- _What this task involves_
Required from the data below: the exact lines starting at the line containing "- 1주택자 : 기준시가 9억원 초과 주택 및 국외 주택의 월세 수입" and ending at the line containing "Jetzt kommen die", with both ends kept and all pictures dropped.
==== The input ====
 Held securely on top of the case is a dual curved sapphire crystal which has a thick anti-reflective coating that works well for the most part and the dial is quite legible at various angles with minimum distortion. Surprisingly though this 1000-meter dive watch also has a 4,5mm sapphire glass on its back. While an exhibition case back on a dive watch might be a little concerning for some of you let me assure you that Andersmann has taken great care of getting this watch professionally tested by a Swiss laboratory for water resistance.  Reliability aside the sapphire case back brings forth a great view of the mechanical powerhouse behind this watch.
====
==== The input ====
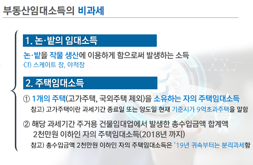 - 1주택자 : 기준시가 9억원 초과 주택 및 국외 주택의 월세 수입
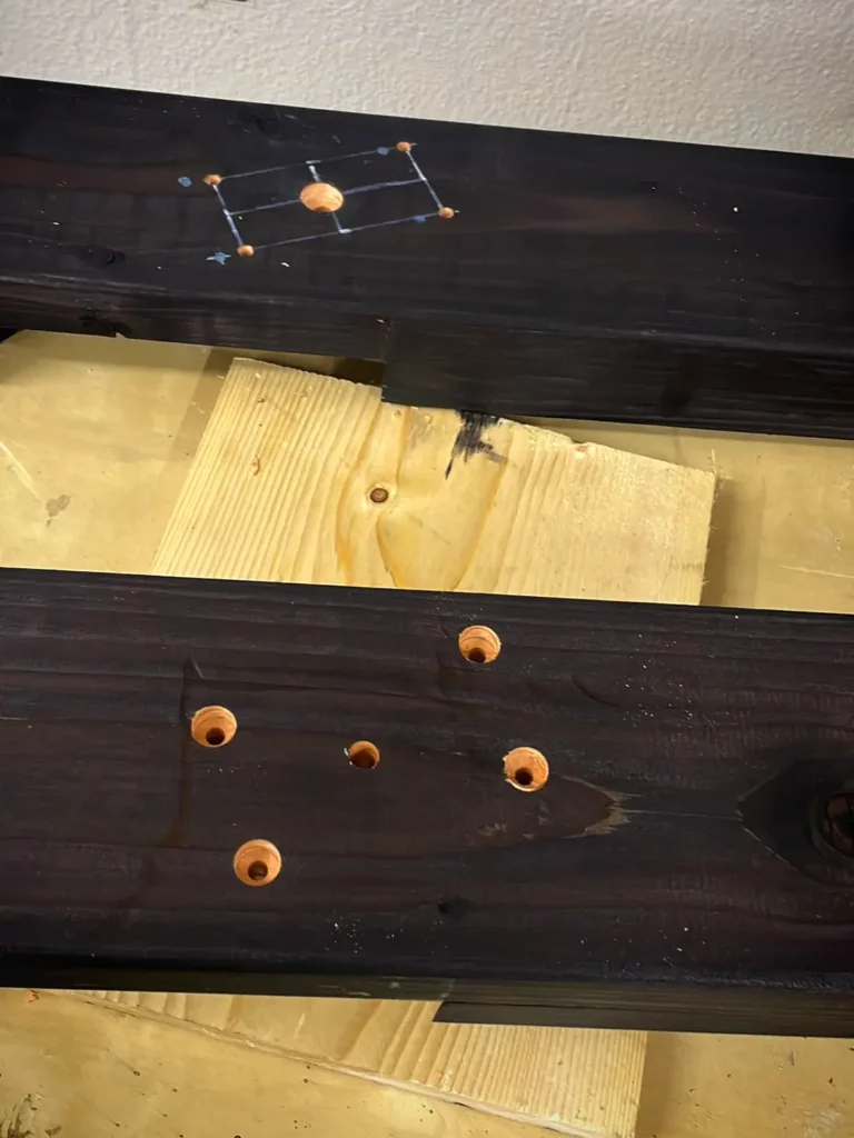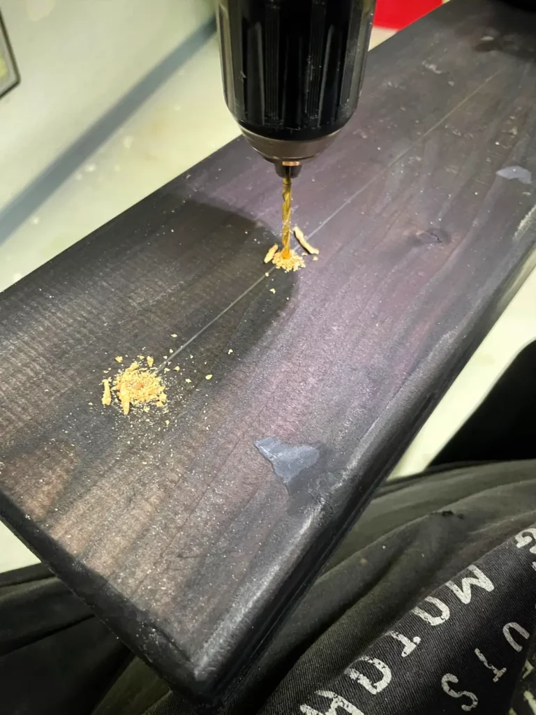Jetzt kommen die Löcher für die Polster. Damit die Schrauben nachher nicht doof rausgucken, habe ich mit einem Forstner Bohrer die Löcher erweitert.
====
- _Solution for this exercise_
 - 1주택자 : 기준시가 9억원 초과 주택 및 국외 주택의 월세 수입
Jetzt kommen die Löcher für die Polster. Damit die Schrauben nachher nicht doof rausgucken, habe ich mit einem Forstner Bohrer die Löcher erweitert.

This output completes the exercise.